Non-volatile memory systems, such as flash memory, have been widely adopted for use in consumer products. Flash memory may be found in different forms, for example in the form of a portable memory card that can be carried between host devices or as a solid state disk (SSD) embedded in a host device.
Some flash memory management systems employ self-caching architectures where data received from a host is first stored in a portion of the flash memory designated as the cache and is later copied to a portion of the flash memory designated as a main storage area (such as a multi-level cell (MLC) type flash memory). In this type of flash memory management system, there is the question of when to schedule cache eviction operations. In cache eviction operations, a portion of the data in the cache, typically data corresponding to a common logical block, is copied from the cache to the main storage area and then removed from the cache to make room for new input data in the cache.
Self-caching flash memory management systems may employ different policies regarding the scheduling of cache eviction operations and regarding the selection of the specific data to be evicted. Typically, the factors influencing the scheduling decisions are how full the cache is, and whether there are access requests arriving from the host that have to be serviced. When the storage system is idle with respect to host requests, the flash memory management system may evict all data in the cache so that the cache is better prepared for a possible future burst of host activity.
Further, a current binary cache eviction algorithm attempts to provide the best gain in obsolete space by evicting: (1) the logical group (LG) with the highest number of fragments in the binary cache (BC) during a host operation (when the binary cache utilization threshold is exceeded); and (2) the logical group with the number of fragments exceeding a calculated threshold during idle time (when the idle time binary cache utilization threshold is exceeded).
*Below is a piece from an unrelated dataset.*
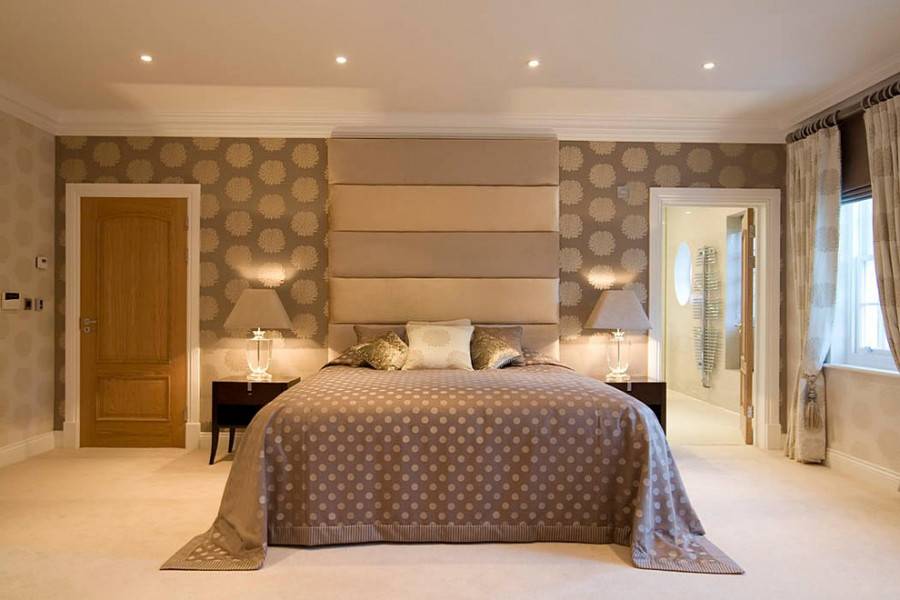 В современных стилях обои для спальни используются нечасто. Для оформления стен актуальны жидкие обои, краска и панели. Но когда необходимы орнаменты на стене, обои справятся с этим лучше всех.

The referenced current binary cache eviction algorithm may fail to select the logical groups best suited for eviction. This results in a reduction in the usable capacity, which may be defined as the maximum binary cache capacity minus the binary cache utilization threshold for logical group eviction. It further results in a higher frequency of binary cache evictions to the MLC (causing lower performance and reducing MLC endurance), and in a higher frequency of binary cache compactions and more data to copy (causing lower performance and reducing binary cache endurance). What is needed is a binary cache eviction operation that better selects entries in the binary cache for eviction.